Una ragazza sui venti, minuta, angelica, due orecchie da elfo enfatizzate da una lucida coda bassa, enormi occhi a mandorla e un bocciolo di bocca, ci si affiancò sorreggendo fra le braccia una scimmietta addormentata.
«Ciao Alice». Le rispose Giovanni. Benevolo. Paterno.
Colsi mezzo sorriso sul volto diafano della ragazza, che ci superò e si infilò in una stanza.

«Siamo quasi arrivati». Annunciò solenne Giovanni. Il corridoio svoltava a destra, proseguiva per un centinaio di metri, ed era troncato da un'enorme porta smaltata di bianco. Giovanni infilò una tessera in uno scanner e aspettò. La porta si aprì con un sommesso ronzio, su una bianca luce ovattata.
«Entra mamma».
Ebbi l'impressione di scivolare in un deposito di nuvole. Sulla parete di fondo, rivestita di alluminio anodizzato, decine di piccoli monitor a cristalli liquidi attraversati da diagrammi che fibrillavano e mutavano. Poco sotto, attacchi per l'ossigeno e il Mary Shelley, dai quali fuoriuscivano tubi trasparenti e sonde che confluivano nelle incubatrici allineate in basso.
Mi avvicinai, ipnotizzata da spie luminose, verdi, arancioni e rosse, che sporgevano come bottoni fra gli attacchi e i monitor e occhieggiavano selvaggiamente.
Respirai forte, mi feci coraggio e tuffai gli occhi nelle incubatrici. Scimmiette di vario tipo, girate su un fianco e rannicchiate in posizione fetale, immerse in un glitter gelatinoso, ristagnavano immobili, trafitte da cannule e sonde, in attesa di morire e resuscitare.
Buon Natale bestioline. Sussurrai rivolta a un cucciolo. Ma un ragazzo riccioluto dalle spalle all'insù, camice svolazzante e soprascarpe, lapis in bocca e notes contro il petto, attraversò il mio campo visivo. Accennò un saluto militare a Giovanni, e continuò per la sua strada.
Io socchiusi gli occhi su queste incongruenze, e mi chiesi che senso avessero queste ostentazioni di aggraziato ottimismo in un vivaio di zombie, questa estetica della manipolazione della morte.

Mi riscuoto, e la vellutata nel mio piatto mi riempie gli occhi.

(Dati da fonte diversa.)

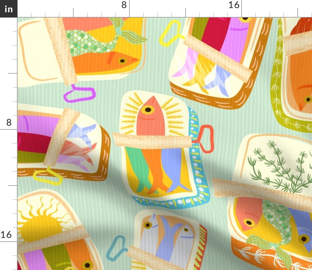 Whimsical Mermaid Tail Fish Tinned Novelty Colorful Quirky Mermaids Under The Sea Ocean Sardines Pink Green Red Orange Sun Yellow Sunshine Custom Printed Fabric by Spoonflower Various Fabrics by the Yard or Fat Quarter
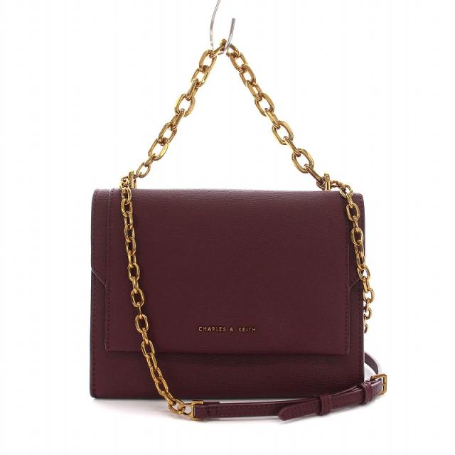 【中古】チャールズ&キース フロントフラップ チェーンハンドルクロスボディバッグ ハンドバッグ 2WAY ショルダー
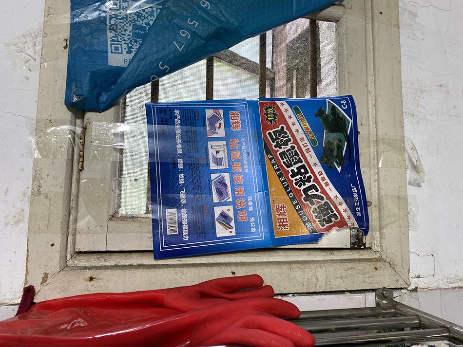 卫生间的纱窗破了洞,贴着纸板。
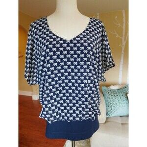 Darling Cabi# 5345 "Parade Blouse" Elephant Print Navy/White Overlay Top SZ Small. Bust is 38" Around and Length is 24.5". Blouse is designed to be Oversized and Flowy. Worn Once and in Excellent condition! Retail Price $89.00.
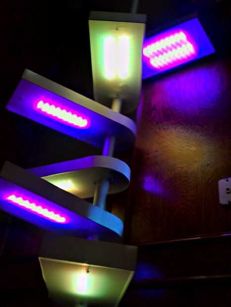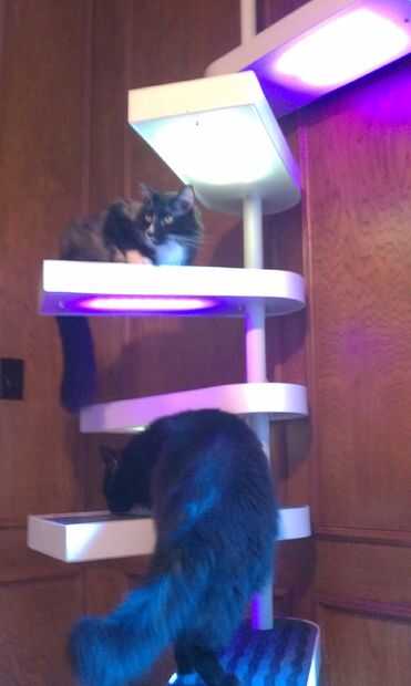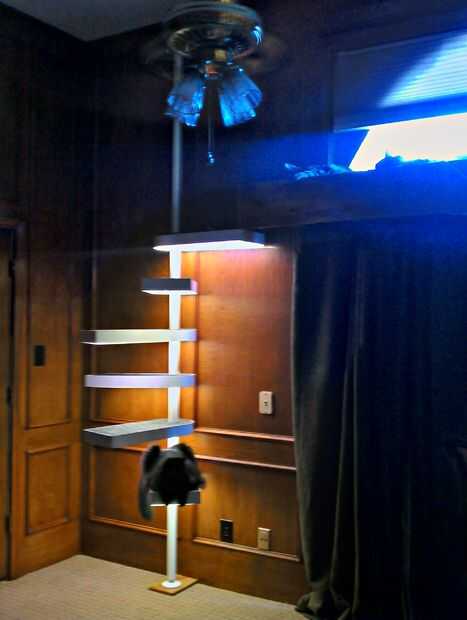 La columna vertebral de la escalera es el poste Stolmen de IKEA, con accesorios para bloquear los pasos en el lugar de montaje. Cada paso es dos pies de largo, suelo de moqueta en la parte superior y tiene una cámara de luz en la parte inferior. Las medidas van desde 2' a 7' del suelo. La luz principal es proporcionada por 27' de la cinta LED blanca y tiras de LED que cambian de color proporcionan iluminación de ambiente. Los pasos son muy robustos y no temblar, incluso con nuestros gatos de 15 lb.
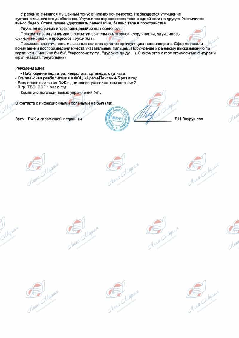 Большая половина этих навыков стала появляться, после прохождения платных курсов реабилитации. Лечение значительно улучшило состояние здоровья девочки. У Ани появилась шаговая реакция и самостоятельная ходьба у опоры, улучшилась мелкая моторика, увеличилась речевая активность! Неврологи оценили состояние ребёнка и выявили очень хороший реабилитационный потенциал. Ане необходима повторная реабилитация.
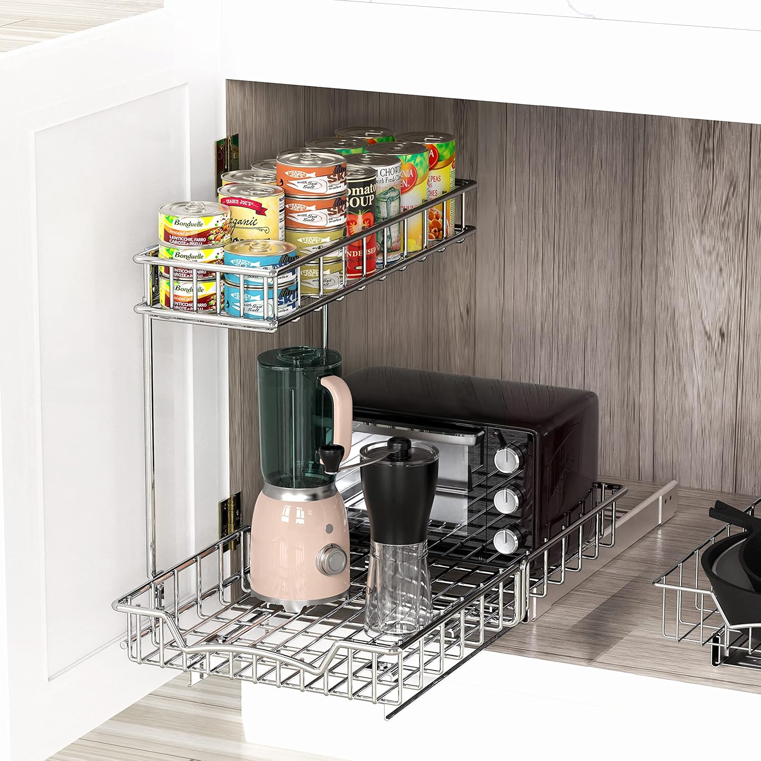 Simple Houseware 2-Tier (L+M) Organizer Pull Out Under Cabinet Sliding Shelf, Chrome
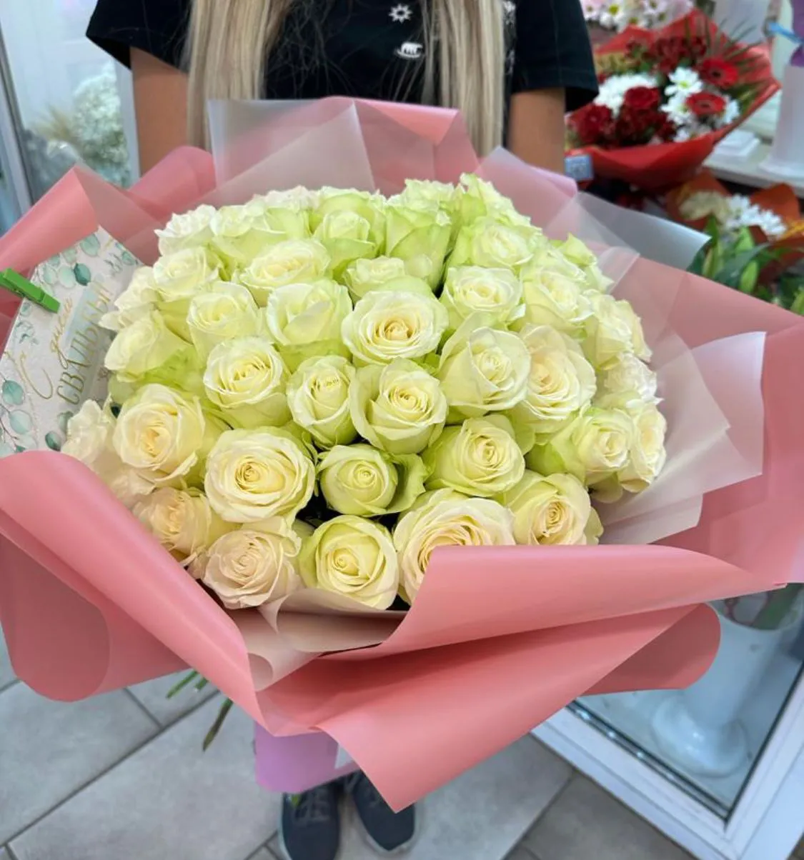 С букетом из белых роз хорошее настроение ваших любимых обеспечено!.
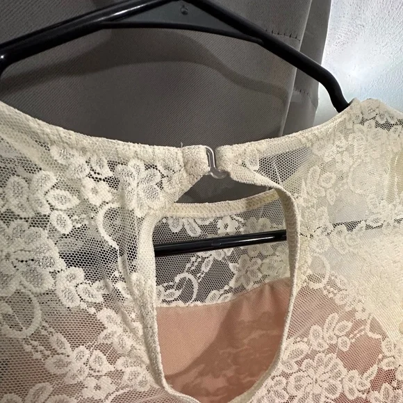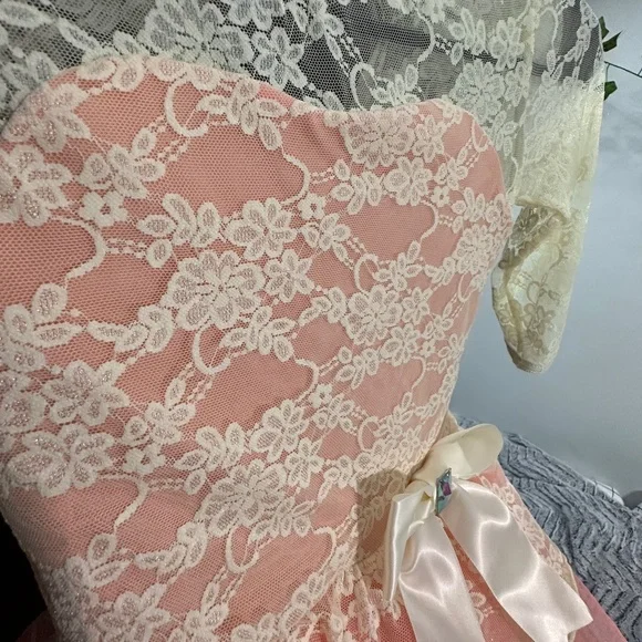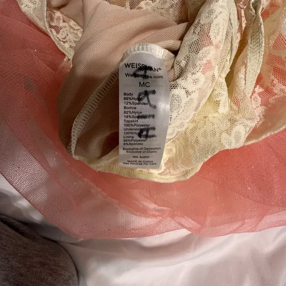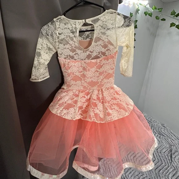 ONLY BEEN WORN ONCE on stage during recital Comes in a Medium Child color: PinkThe bodice of this dress is made of shiny spandex with a stretch floral lace overlay and 3/4 sleeves• Keyhole opening in back with a G- hook closure• The waist features an attached bow with rhinestone accent• Top skirt is made with a stretch floral lace overlay and glitter mist tulle and tricot underskirt with satin ribbon at the hem• Attached briefs
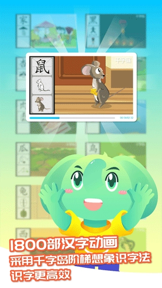 我们拥有1800部汉字动画,通过专属的识字方法,让汉字的音、形、义高度融合,使孩子的识字过程变得更高效、更轻松。

Riatterro nel Natale presente.
Basta ricordare!
Papà siede davanti a me, accanto a Giovanni. Sono vestiti in modo simile: giacche scure e camicie a righe. Papà è una testolina nuda su un abito sgonfio. Due squarci sierosi gli aprono il collo all'altezza delle carotidi. Il marchio del revenant. A quanto dicono è morto tre mesi fa. E risorto quindici secondi dopo. Nel suo sguardo implorante, spaventato, infantile, striscia qualcosa di freddo. Sappiamo che la morte ha ripreso la sua lenta erosione.
Dovrebbe commuovermi, l'idea che stia affrontando tutto questo per me.
Un'ora fa, quando mi ha abbracciata nell'ingresso, sorretto da Giovanni, implorando ripetutamente il mio perdono, gli ho risposto: «Certo che ti perdono papà».
Ma non provavo niente, se non la meraviglia di scoprire che siamo alti uguali, perché si è accartocciato.
E adesso, a questa tavola imbandita con le posate d'argento dello scorso millennio, i calici di cristallo, e i piatti di porcellana colmi di un passato di verdura screziato da una nitida iridescenza verde, mi dico che neanche stavolta, al capolinea della nostra disastrosa storia familiare, riuscirò a dirgli quanto lo odio.